[AIM OF THE TASK] Beginning with the line that holds "Essentials Light Grey" and finishing with the line that holds "Per donna Linea", repeat the listing exactly, leaving every picture out.
□ □ □ □ □ □ □
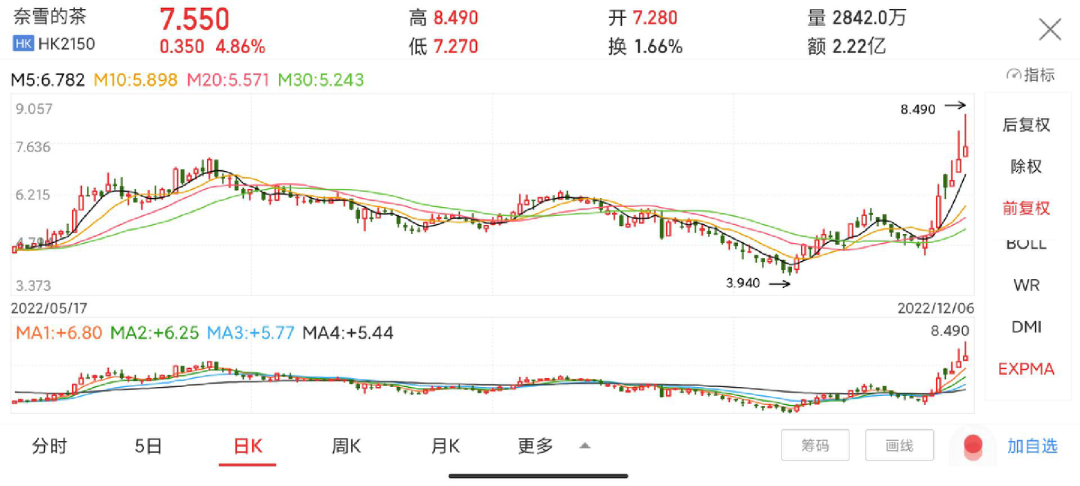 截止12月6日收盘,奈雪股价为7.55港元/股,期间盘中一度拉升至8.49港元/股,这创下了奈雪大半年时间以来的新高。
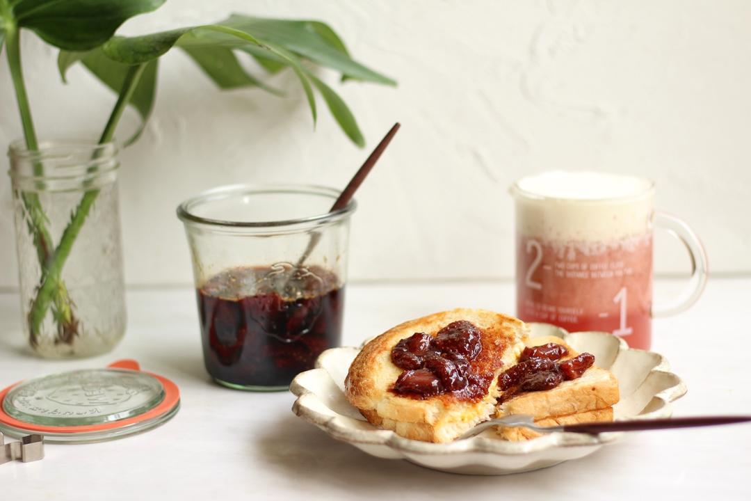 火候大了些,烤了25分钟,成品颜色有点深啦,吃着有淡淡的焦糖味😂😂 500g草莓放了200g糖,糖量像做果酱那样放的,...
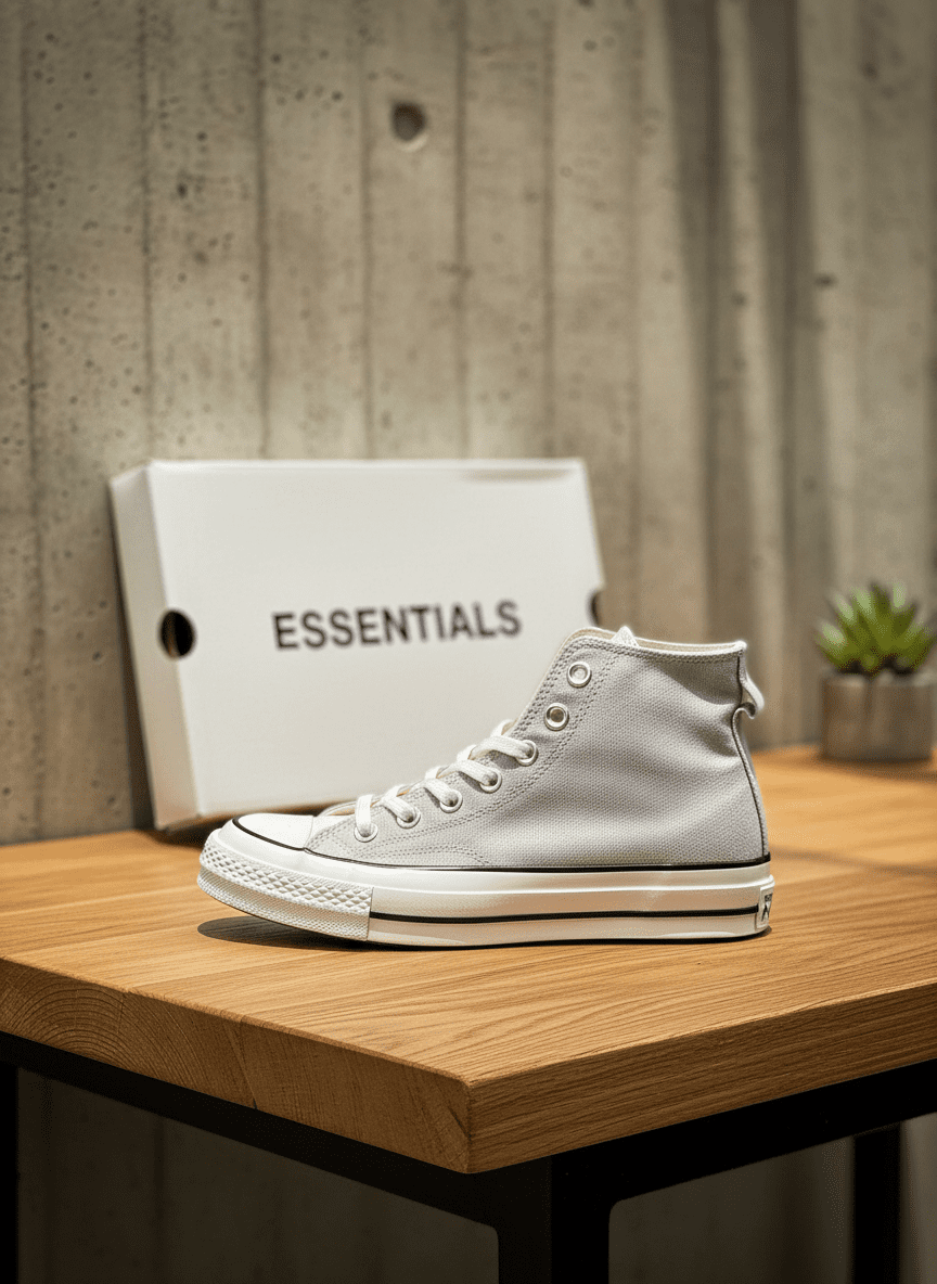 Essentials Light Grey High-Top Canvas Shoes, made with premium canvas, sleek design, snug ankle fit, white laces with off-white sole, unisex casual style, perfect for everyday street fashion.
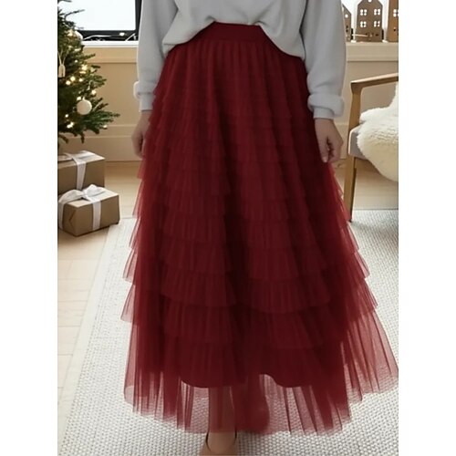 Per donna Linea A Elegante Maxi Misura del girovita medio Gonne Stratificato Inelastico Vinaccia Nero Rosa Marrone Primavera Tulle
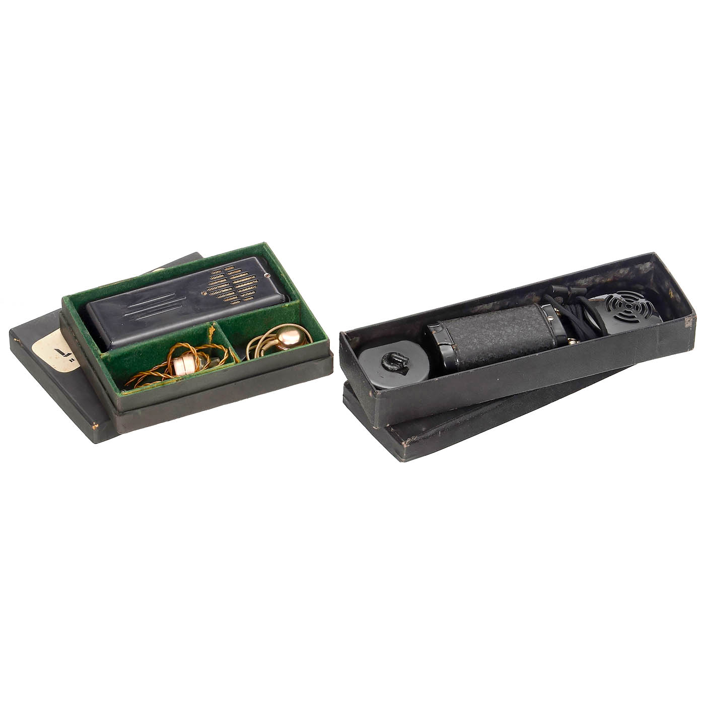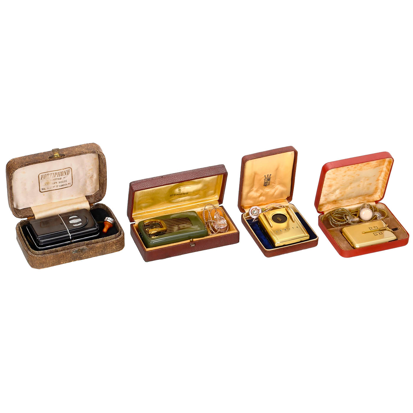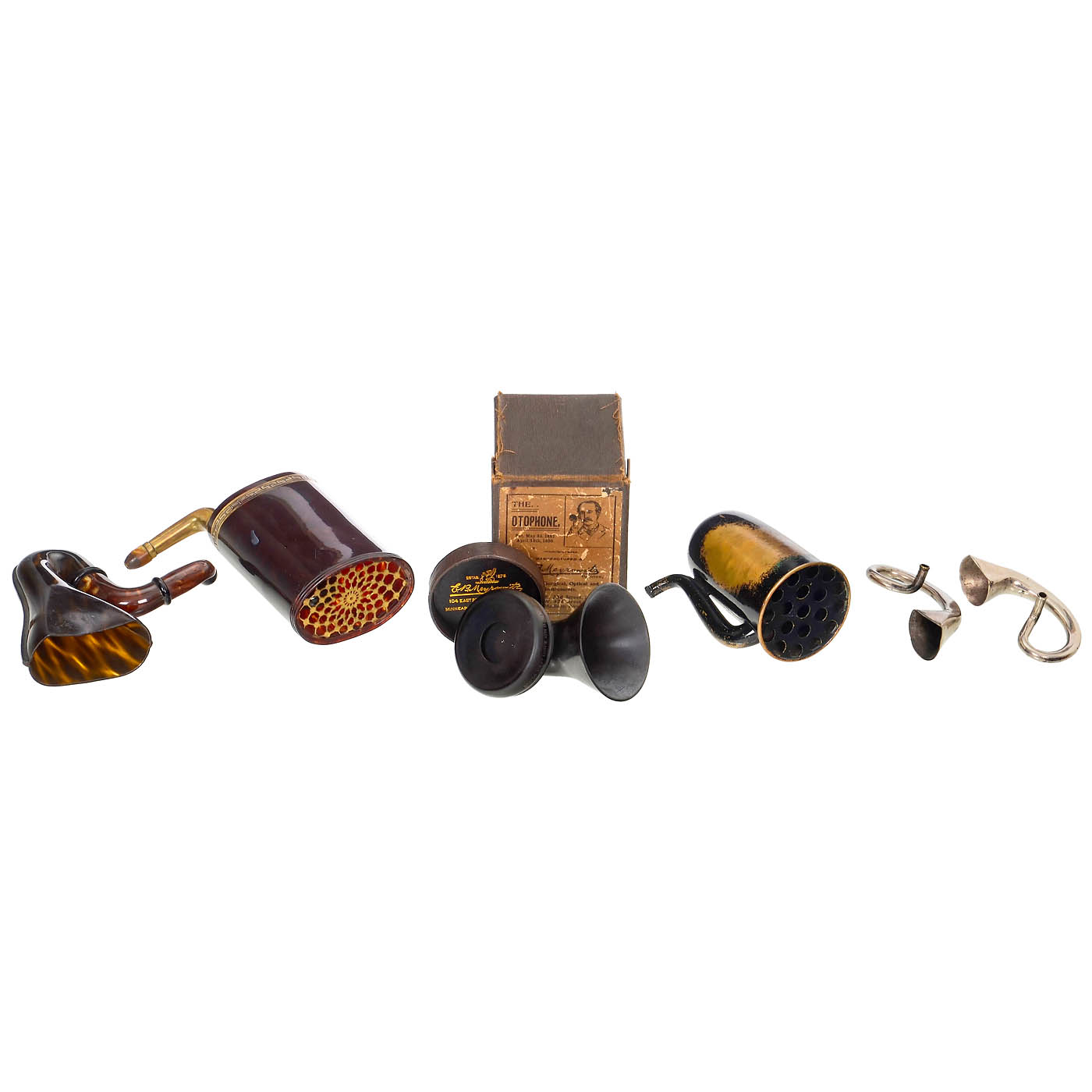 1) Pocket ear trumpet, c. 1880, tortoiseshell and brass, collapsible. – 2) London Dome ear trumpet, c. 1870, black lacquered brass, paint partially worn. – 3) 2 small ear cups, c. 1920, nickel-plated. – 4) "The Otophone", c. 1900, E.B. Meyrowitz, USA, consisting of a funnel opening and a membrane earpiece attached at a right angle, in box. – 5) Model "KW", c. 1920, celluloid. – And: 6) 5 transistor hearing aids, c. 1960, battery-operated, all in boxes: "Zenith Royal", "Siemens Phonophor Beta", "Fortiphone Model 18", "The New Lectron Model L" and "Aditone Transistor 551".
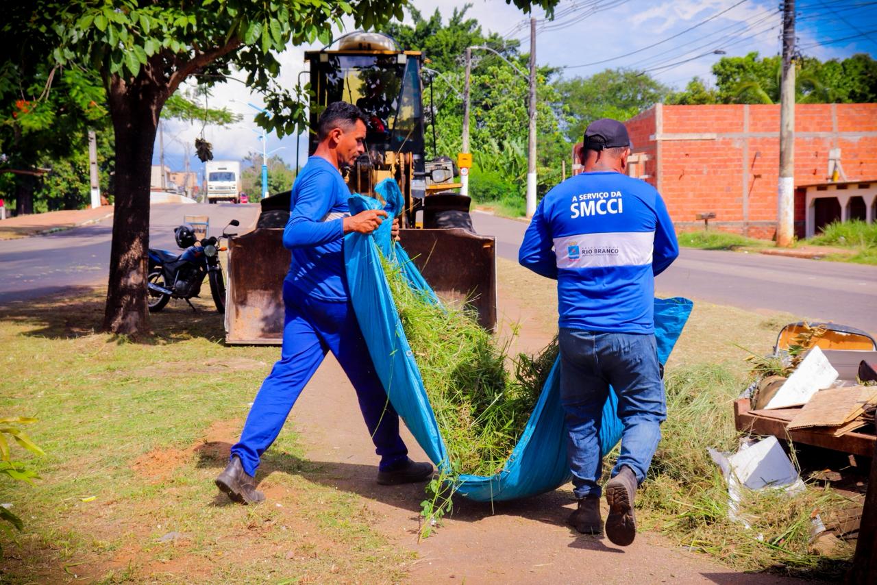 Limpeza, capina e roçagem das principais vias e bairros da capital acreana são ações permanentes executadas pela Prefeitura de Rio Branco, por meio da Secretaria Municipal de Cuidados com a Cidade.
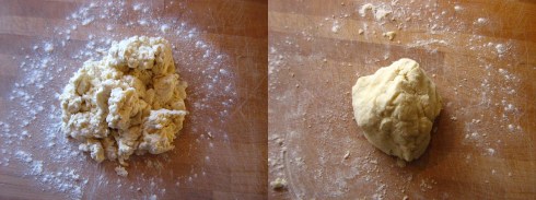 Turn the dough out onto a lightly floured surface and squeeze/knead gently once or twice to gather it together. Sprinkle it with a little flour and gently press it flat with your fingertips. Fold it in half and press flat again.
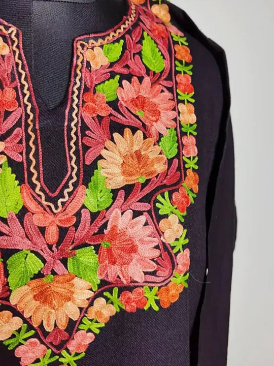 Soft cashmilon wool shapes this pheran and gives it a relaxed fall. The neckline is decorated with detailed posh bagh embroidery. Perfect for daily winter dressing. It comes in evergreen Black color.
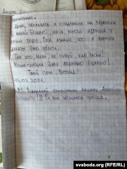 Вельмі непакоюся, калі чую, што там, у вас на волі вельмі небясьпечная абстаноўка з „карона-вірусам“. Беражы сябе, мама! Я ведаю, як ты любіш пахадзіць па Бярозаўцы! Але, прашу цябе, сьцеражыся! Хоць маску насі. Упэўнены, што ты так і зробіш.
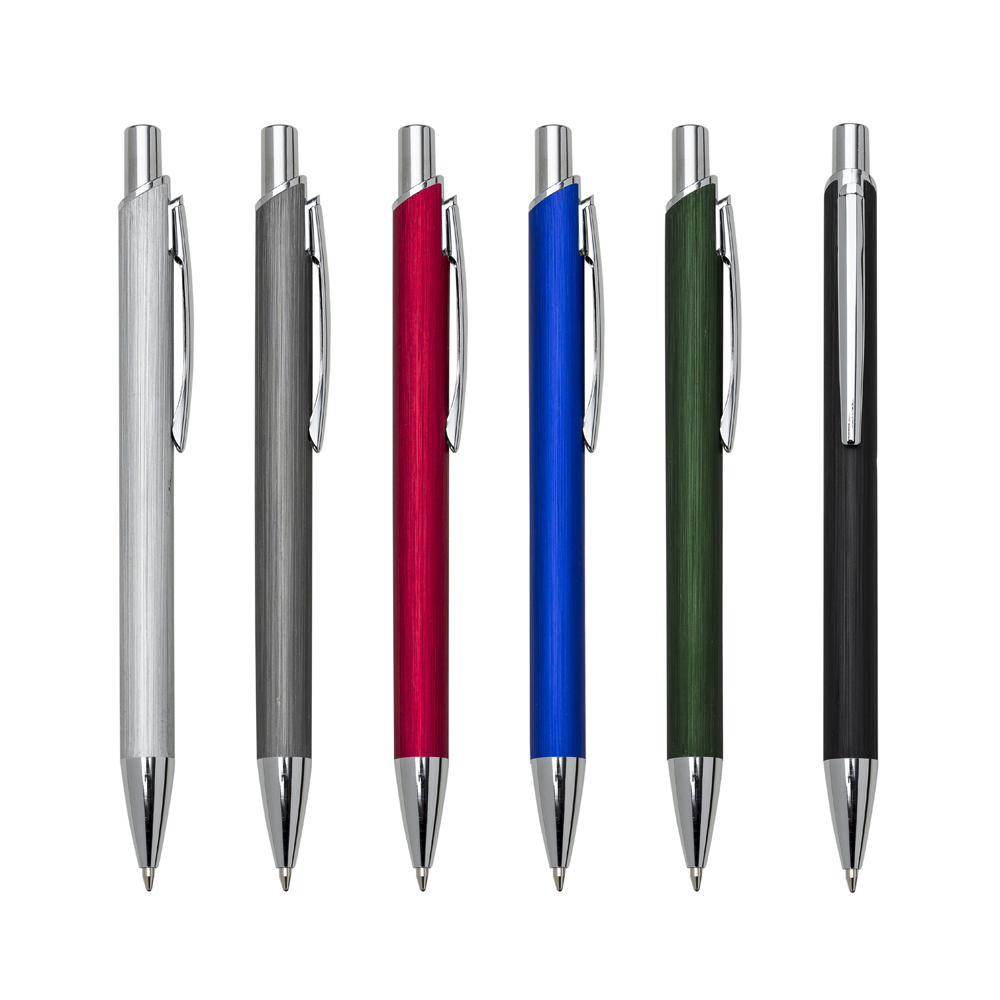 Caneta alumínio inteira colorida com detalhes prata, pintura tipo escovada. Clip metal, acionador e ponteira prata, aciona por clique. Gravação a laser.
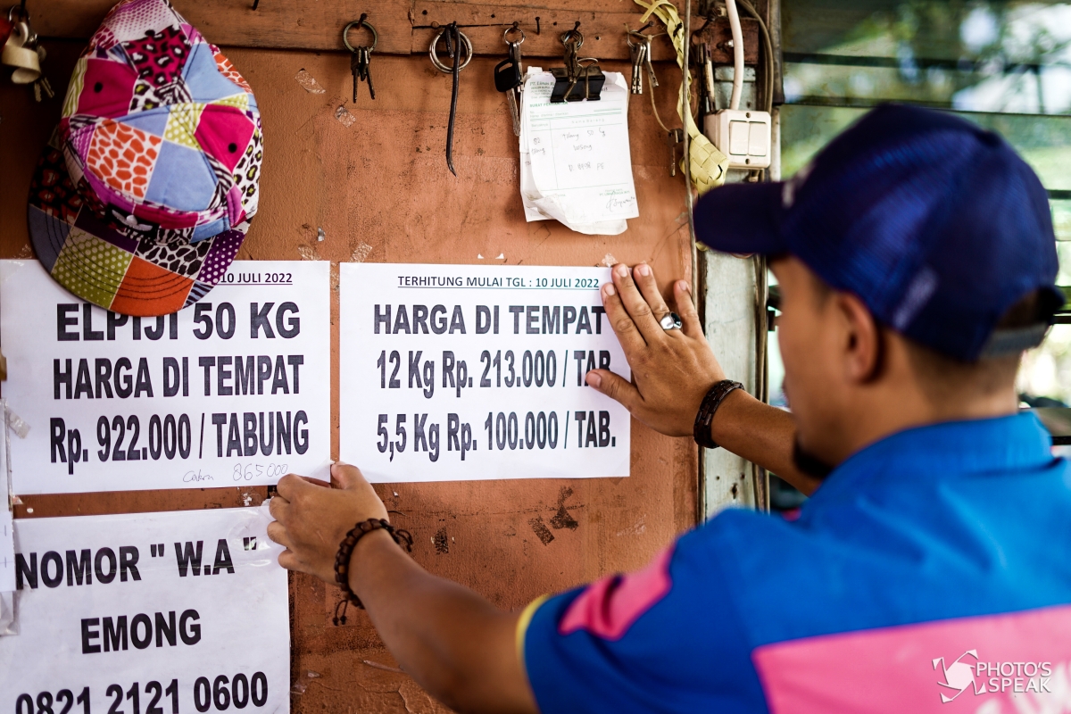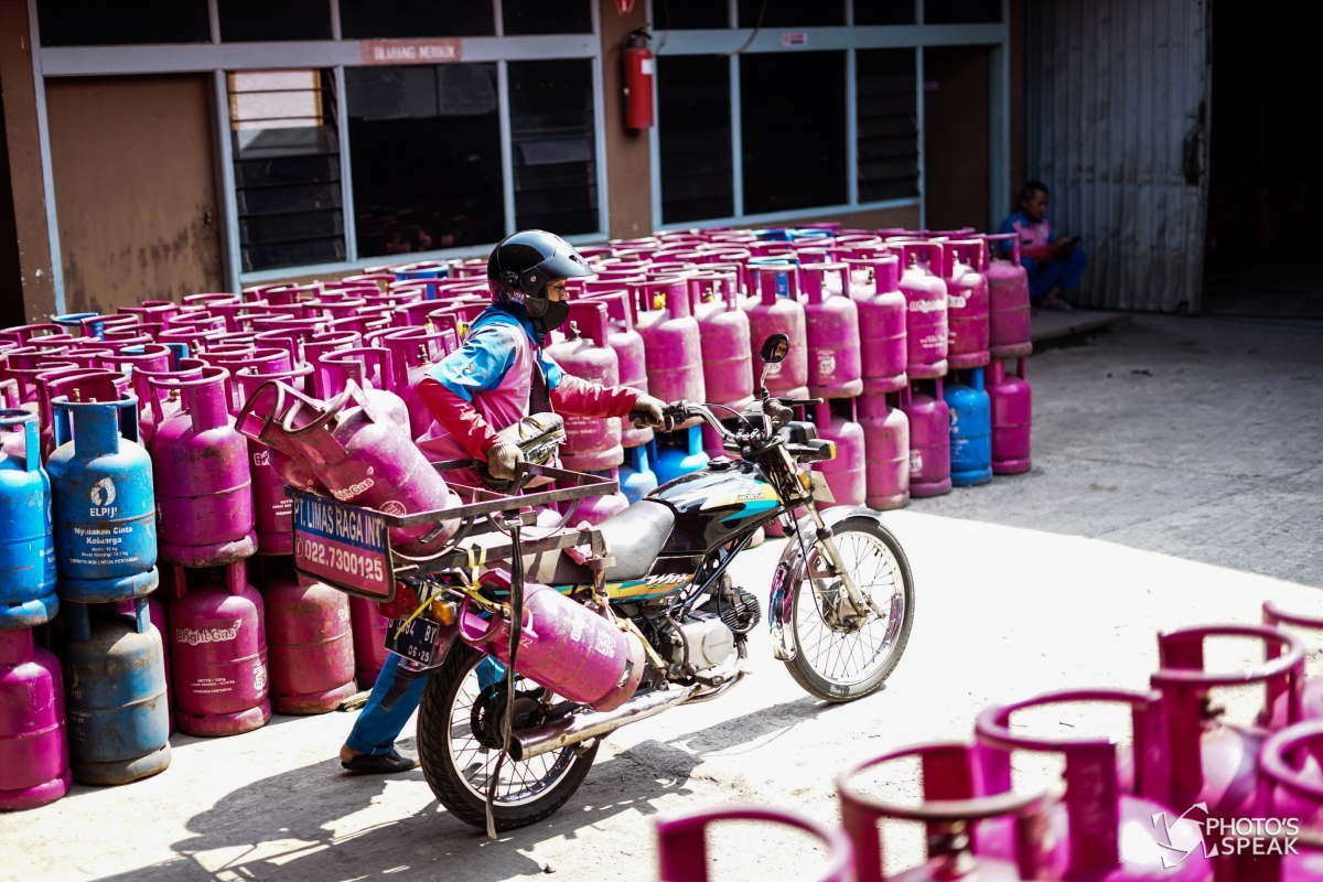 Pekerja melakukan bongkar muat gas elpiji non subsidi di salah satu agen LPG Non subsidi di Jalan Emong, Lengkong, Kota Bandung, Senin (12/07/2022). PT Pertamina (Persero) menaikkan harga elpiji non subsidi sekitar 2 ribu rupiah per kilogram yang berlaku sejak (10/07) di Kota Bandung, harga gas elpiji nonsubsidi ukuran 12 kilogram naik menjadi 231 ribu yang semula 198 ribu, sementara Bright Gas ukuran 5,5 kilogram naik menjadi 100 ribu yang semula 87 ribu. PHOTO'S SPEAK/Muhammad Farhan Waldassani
□ □ □ □ □ □ □
[RESULT OF THIS TASK]
 Essentials Light Grey High-Top Canvas Shoes, made with premium canvas, sleek design, snug ankle fit, white laces with off-white sole, unisex casual style, perfect for everyday street fashion.
 Per donna Linea A Elegante Maxi Misura del girovita medio Gonne Stratificato Inelastico Vinaccia Nero Rosa Marrone Primavera Tulle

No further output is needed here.